Some Canadian business leaders have expressed worry over Trump’s promise to introduce a universal 10 per cent tariff on all American imports.

A Canadian Chamber of Commerce report released last month suggested those tariffs would shrink the Canadian economy, resulting in around $30 billion per year in economic costs.

More than 77 per cent of Canadian exports go to the U.S.

Canada’s manufacturing sector faces the biggest risk should Trump push forward on imposing broad tariffs, said Canadian Manufacturers and Exporters president and CEO Dennis Darby. He said the sector is the “most trade-exposed” within Canada.

“It’s in the U.S.’s best interest, it’s in our best interest, but most importantly for consumers across North America, that we’re able to trade goods, materials, ingredients, as we have under the trade agreements,” Darby said in an interview.

“It’s a more complex or complicated outcome than it would have been with the Democrats, but we’ve had to deal with this before and we’re going to do our best to deal with it again.”

American economists have also warned Trump’s plan could cause inflation and possibly a recession, which could have ripple effects in Canada.

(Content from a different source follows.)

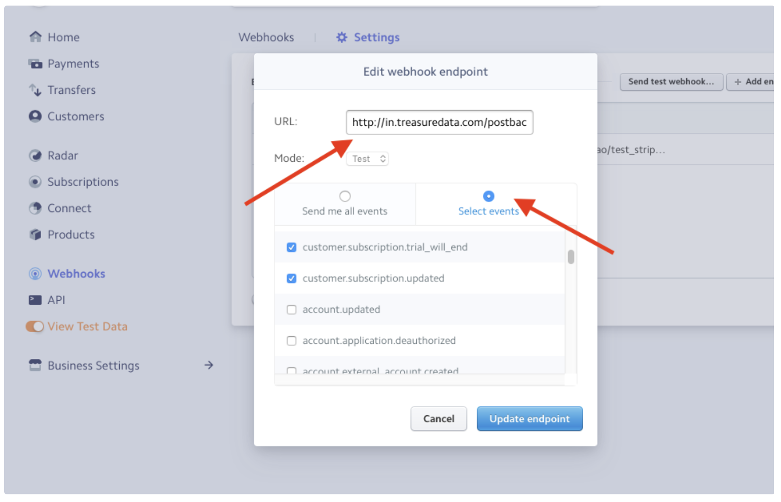 Login to Stripe account, select Webhooks —> Settings —> Add endpoint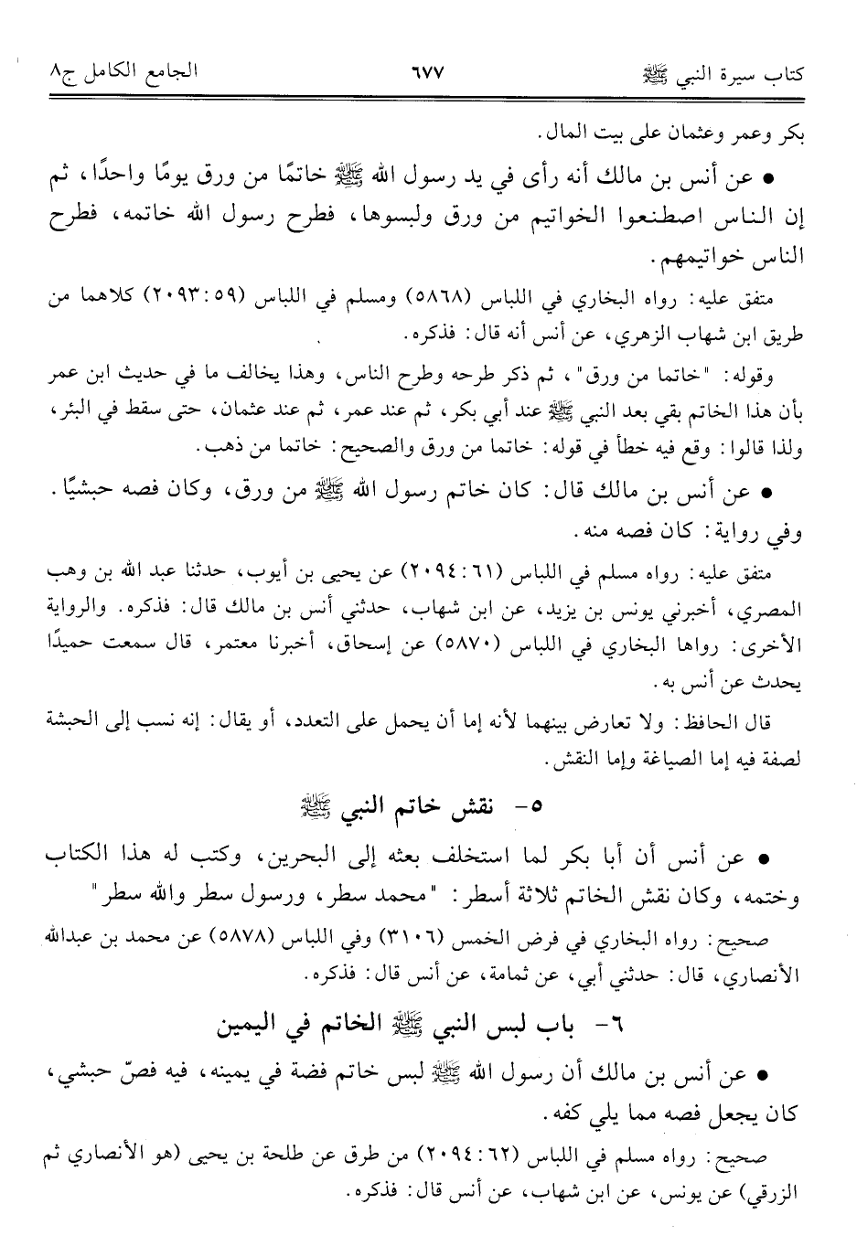 كتاب الجامع الكامل في الحديث الصحيح الشامل المرتب على أبواب الفقه (اسم الجزء: 8)

It’s consumers who will ultimately feel the burden of any inflationary effect caused by broad tariffs, said Darby.

“A tariff tends to raise costs, and it ultimately raises prices, so that’s something that we have to be prepared for,” he said.

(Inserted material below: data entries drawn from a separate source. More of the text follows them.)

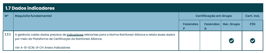 De acordo com o requisito 1.7.1, a gerência de um grupo de fazendas ou de uma fazenda certificada individualmente é, em última análise, responsável pela coleta de dados precisos e pelo relatório de pontos de dados por meio da Plataforma de Certificação Rainforest Alliance (RACP). As Entidades Certificadoras verificam e validam os dados do Detentor de Certificado durante as auditorias e emitem não conformidades se necessário.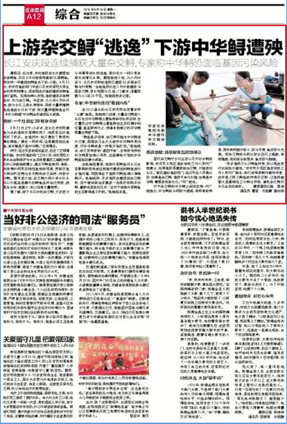 (江淮晨报,9月26日)近日来,安庆渔民在长江捕捞到多条鲟鱼,仅仅8月份就连续捕到38尾鲟鱼。而往年一年捕捉的鲟鱼也不到10尾。9月23日,安庆市渔政部门专家以及beat365亚洲体育官方网站生命科学学院博士,来到现场对渔民捕获的鲟鱼进行鉴别。经现场辨认发现,渔民捕获多条鲟鱼中,均为杂交鲟。专家称,从今年6月份开始,因为长江上游水库泄洪,导致大量养殖鲟鱼逃逸到长江中下游,而大量养殖鲟鱼会对“水中大熊猫”中华鲟生存造成巨大威胁。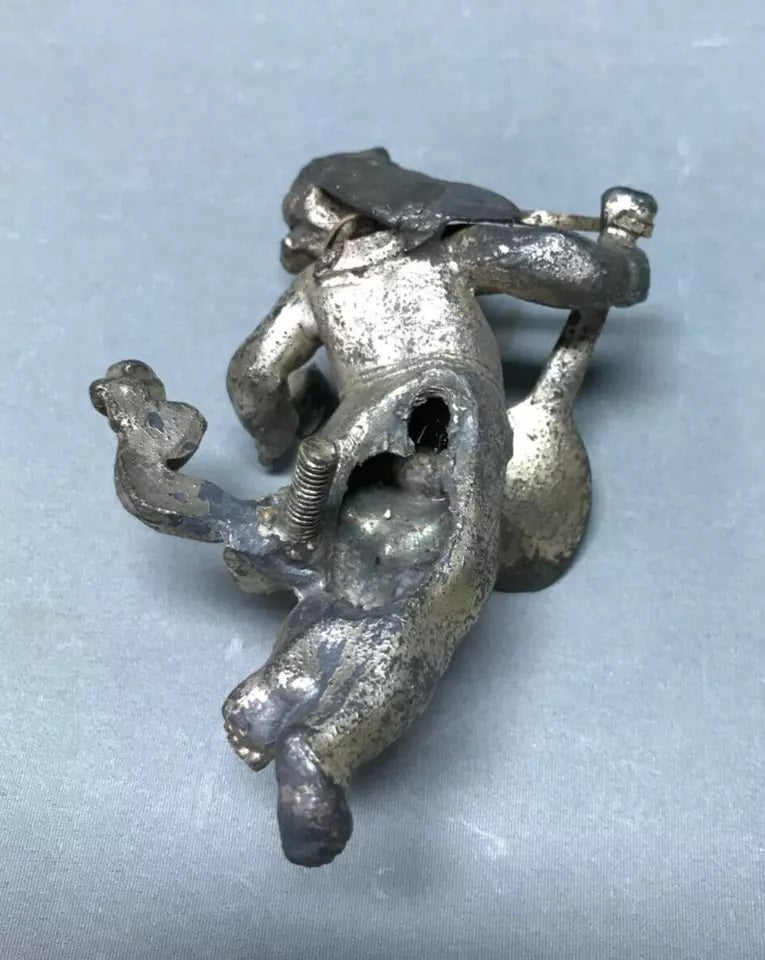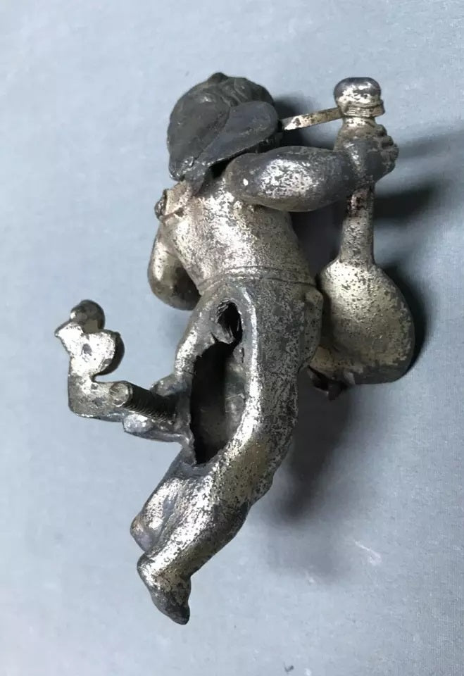 Nice vintage classical Cupid. The figure originally looks like it was mounted on a lamp fixture or chandelier. Does look to be made of a pot metal with a worn nickel finish. Does look complete but the lower strap for his harp is loose. He is holding a bird in his other hand. The nickel finish shows wear and has, scratches, scuffs and worn spots. The backside has a 1/4" treaded stud for mounting. The mounting nut is missing. The classical cupid is unmarked, the manufacturer is unknown. Great decor for a shelf or custom light fixture. Overall, in salvaged condition. Please look over the pictures and ask questions when needed. Thanks for looking.

“It could tilt production mandates. A tariff makes goods more expensive, but on the same token, it also will make inputs for the U.S. more expensive.”

A report last month by TD economist Marc Ercolao said research shows a full-scale implementation of Trump’s tariff plan could lead to a near-five per cent reduction in Canadian export volumes to the U.S. by early-2027, relative to current baseline forecasts.

Retaliation by Canada would also increase costs for domestic producers, and push import volumes lower in the process.

“Slowing import activity mitigates some of the negative net trade impact on total GDP enough to avoid a technical recession, but still produces a period of extended stagnation through 2025 and 2026,” Ercolao said.

Since the Canada-United States-Mexico Agreement came into effect in 2020, trade between Canada and the U.S. has surged by 46 per cent, according to the Toronto Region Board of Trade.

With that deal is up for review in 2026, Canadian Chamber of Commerce president and CEO Candace Laing said the Canadian government “must collaborate effectively with the Trump administration to preserve and strengthen our bilateral economic partnership.”

“With an impressive $3.6 billion in daily trade, Canada and the United States are each other’s closest international partners. The secure and efficient flow of goods and people across our border … remains essential for the economies of both countries,” she said in a statement.

“By resisting tariffs and trade barriers that will only raise prices and hurt consumers in both countries, Canada and the United States can strengthen resilient cross-border supply chains that enhance our shared economic security.”